- Clydach Location within Monmouthshire
- Population: <2000
- OS grid reference: SO225128
- Principal area: Monmouthshire;
- Preserved county: Gwent;
- Country: Wales
- Sovereign state: United Kingdom
- Post town: Abergavenny
- Postcode district: NP7
- Dialling code: 01873
- Police: Gwent
- Fire: South Wales
- Ambulance: Welsh
- UK Parliament: Monmouth;
- Senedd Cymru – Welsh Parliament: Monmouth;

= Clydach, Monmouthshire =

Village in Monmouthshire, Wales

Clydach is a village in Monmouthshire, Wales. Its nearest neighbours are the village of Gilwern and town of Abergavenny.

== Heads of the Valleys ==
It is split by the A465 road (the 'Heads of the Valleys') into North Clydach and South Clydach.

== Industrial heritage ==
Historically its main industry was based around the ironworks on the south side of the valley which have long since closed.
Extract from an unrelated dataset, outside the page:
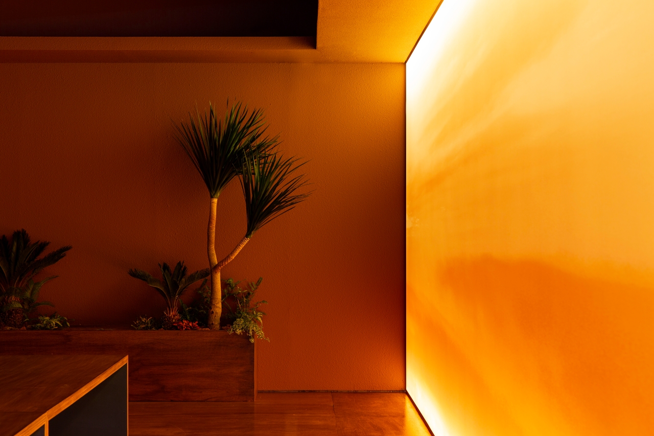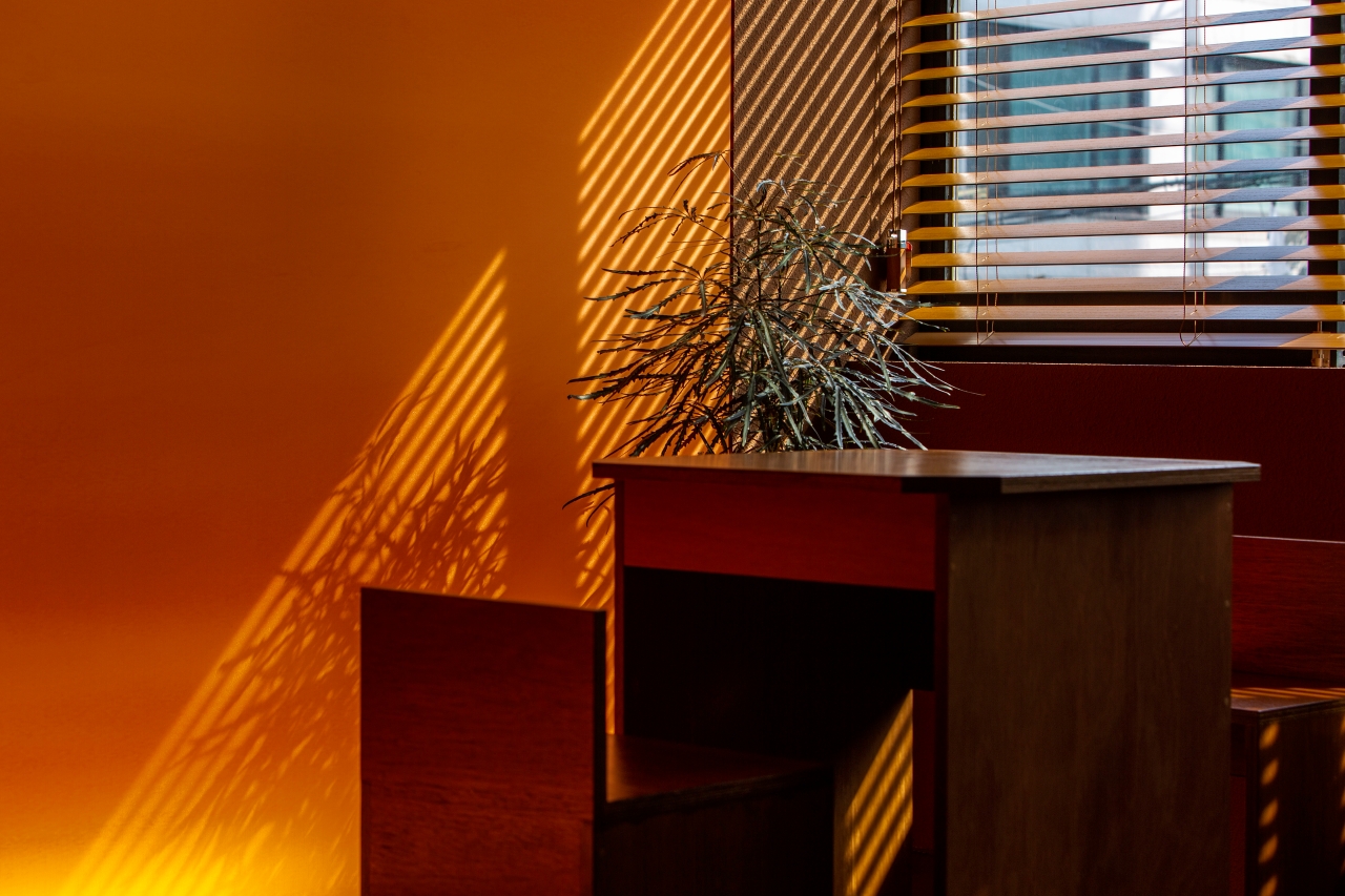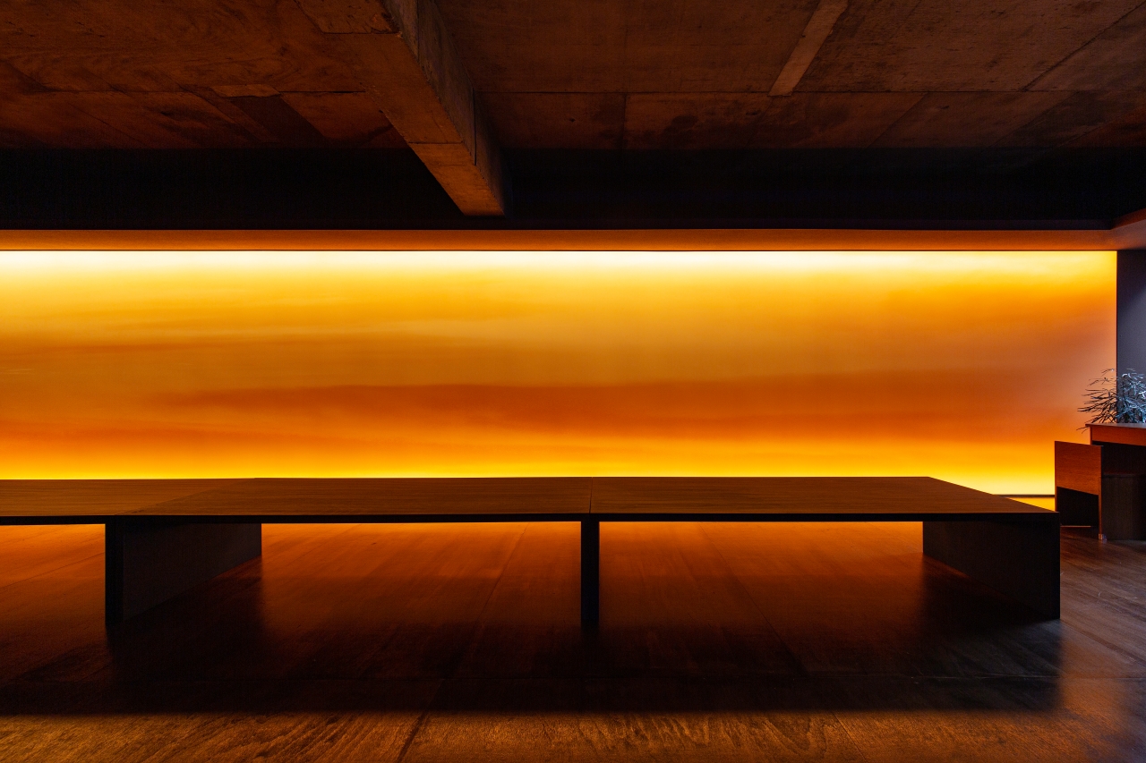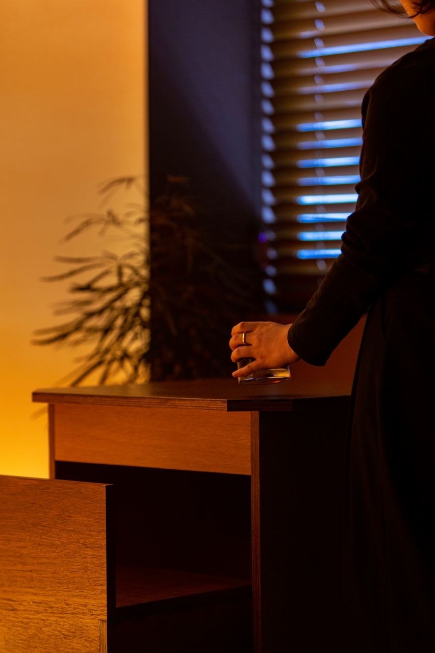 공간은 단순하고 정직합니다. 넓게 트인 홀을 중심으로, 한쪽 벽면 전체를 감싸는 ‘노을 벽’이 있습니다. 이 벽은 하루의 색을 담는 캔버스처럼 시간에 따라 다른 분위기를 만들어냅니다. 낮에는 부드러운 햇살이 머물고, 저녁이 되면 온 공간이 푸른빛과 붉은빛이 섞인 그라데이션으로 물듭니다. 벽면의 조명과 그림자, 그리고 은은한 음악은 손님 각자의 감정에 맞춰 조용히 배경이 되어줍니다.

== Primary school closure ==
Clydach County primary school was closed in July 2006 by Monmouthshire County Council because of there were less than 30 pupils and none in years 5 and 6. The children now attend schools in Gilwern and Brynmawr and the school buildings are unused.

== Local walks ==
The area around the village is popular for hillwalking with many routes tracing the beauty of the nearby Clydach Gorge or Cwm Clydach, and the old trackbed of the Merthyr, Tredegar and Abergavenny Railway is a cycleway and walkway and the Monmouthshire and Brecon Canal can be walked or travelled by narrow boat.
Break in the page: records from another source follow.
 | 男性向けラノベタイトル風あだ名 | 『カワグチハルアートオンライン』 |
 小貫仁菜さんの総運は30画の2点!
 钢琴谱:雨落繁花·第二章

There is a picnic site and caravan park alongside the River Clydach, easily reached from the A465 Heads of the Valleys road. The ironworks are some 300 metres away, across the river. The ironworks were built during the late 18th century and are a scheduled monument. There are also limeworks.

The area is within the Brecon Beacons National Park close to the Blaenavon Industrial Landscape, a World Heritage Site, and not far from Big Pit National Coal Museum. Clydach Gorge or Cwm Clydach has been designated a SSSI.

==Notable people==
- Sir Henry Bartle Edward Frere, 1st Baronet, (1815–1884), a British colonial administrator, was born at Clydach House the son of Edward Frere, manager of Clydach Ironworks.